Как тут было не продолжать, и он пропустил, что его сигара потухла, и вымолвил, держа ее в потерявшей чуткость руке, точно пожалился, точно молил, чтобы приголубили и чашу от него отнесли:

– Не ведаю, каким чудом и вынес ее, да и вынес-то, может быть, лишь оттого, что слишком мои там молитвы были нужны, ибо приближается ныне время молитв, и без бога ничего не сделает ныне никто в наших нынешних обстоятельствах и при нынешнем положении дела как всего мира, так и наших собственных дел, так уж ныне бесчестно, бессовестно все завелось.

Уловивши необычайное, странное в его речи, в его внезапно осиплом срывавшемся голосе, в несчастном выражении его опрокинутого лица, незнакомец загасил потихоньку сигару и отчего-то зажал ее в кулаке.

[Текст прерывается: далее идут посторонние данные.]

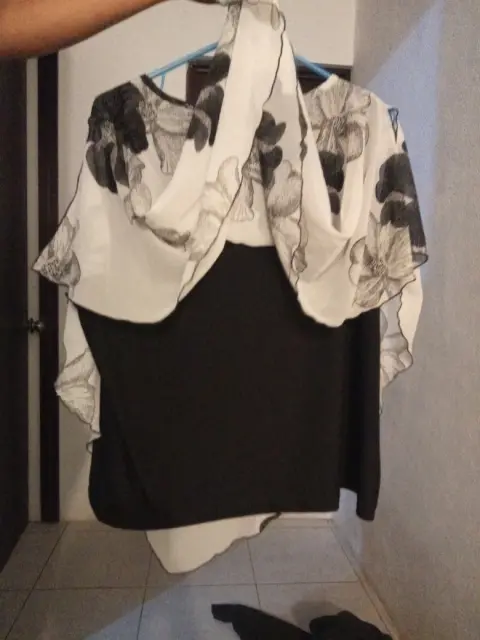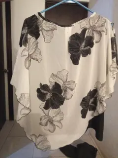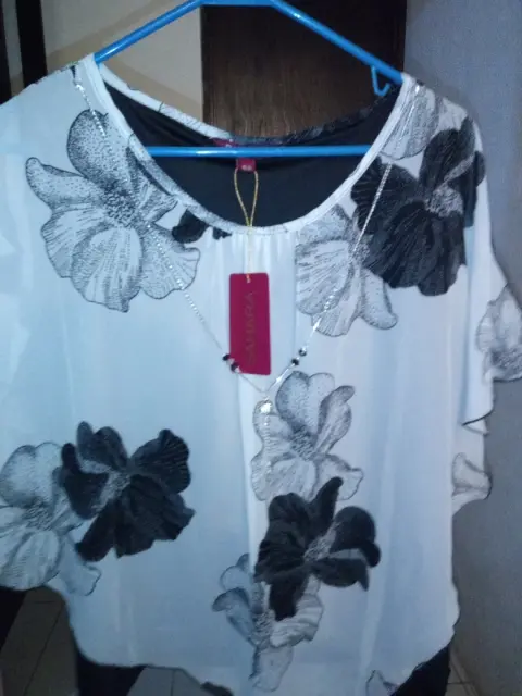 Blusa color blanco y negro, Marca Sahara, totalmente nueva, incluye accesorio, talla 4EG, tela fresca y delgada, ideal para toda ocasión

Едва приметивши его своеобразную, милую деликатность, и без этой маленькой деликатности ощущая, что перед ним готова раскрыться вся бесхитростная душа этого вполне постороннего, но чем-то ужасно близкого, уже почти дорогого ему человека, готовая, как он верил, всю беду пережить вместе с ним, он прямо приступил с середины, уже не мешкая более, машинально вертя свою потухшую сигару в руке:

– Два года назад, в феврале, я высадился с парохода в Бейруте. Меня порядочно поизмотала морская болезнь, я еле дышал и передвигался с трудом. Поотлежавшись в доме моего гостеприимного школьного друга, сирийского консула, мы отправились вместе в Иерусалим, в святые места. Везли нас злые упрямые мулы. Дорога тянулась берегом моря через Сидон, Тир и Акру. Под копытами мулов плескались плоские волны, а дальше по правую руку, на необозримую даль тускло блестело жидким оловом море, так что глазам было жутко и после морской болезни противно смотреть на него. С белесого неба прямо в лицо било горячее смутное солнце, похожее на адскую сковородку, на каких всем нам жариться когда-нибудь в преисподней за наши грехи. Слева оранжево пламенели и высились голые горы. Было душно и знойно, несмотря на влажное дыхание моря. Я прятал лицо под поля белой шляпы такой ширины, что сделался похожим на гриб, который из прохладного тенистого бора, один черт ведает, из какой крайней нужды, вышагнул на поляну под жгучее солнце, но вс е равно и шляпа не спасала меня, весь я облит был мерзким потом и ерзал в седле, как старая баба, которую везут помирать верст за тридцать к ближайшему лекарю по нашим смертоносным дорогам, а старая баба, виновато помаргивая беспомощными глазами, валится и валится набок под бодрые крики весьма озабоченных ее бесценным здоровьем родных: «Потерпи, потерпи, уж немного осталось!»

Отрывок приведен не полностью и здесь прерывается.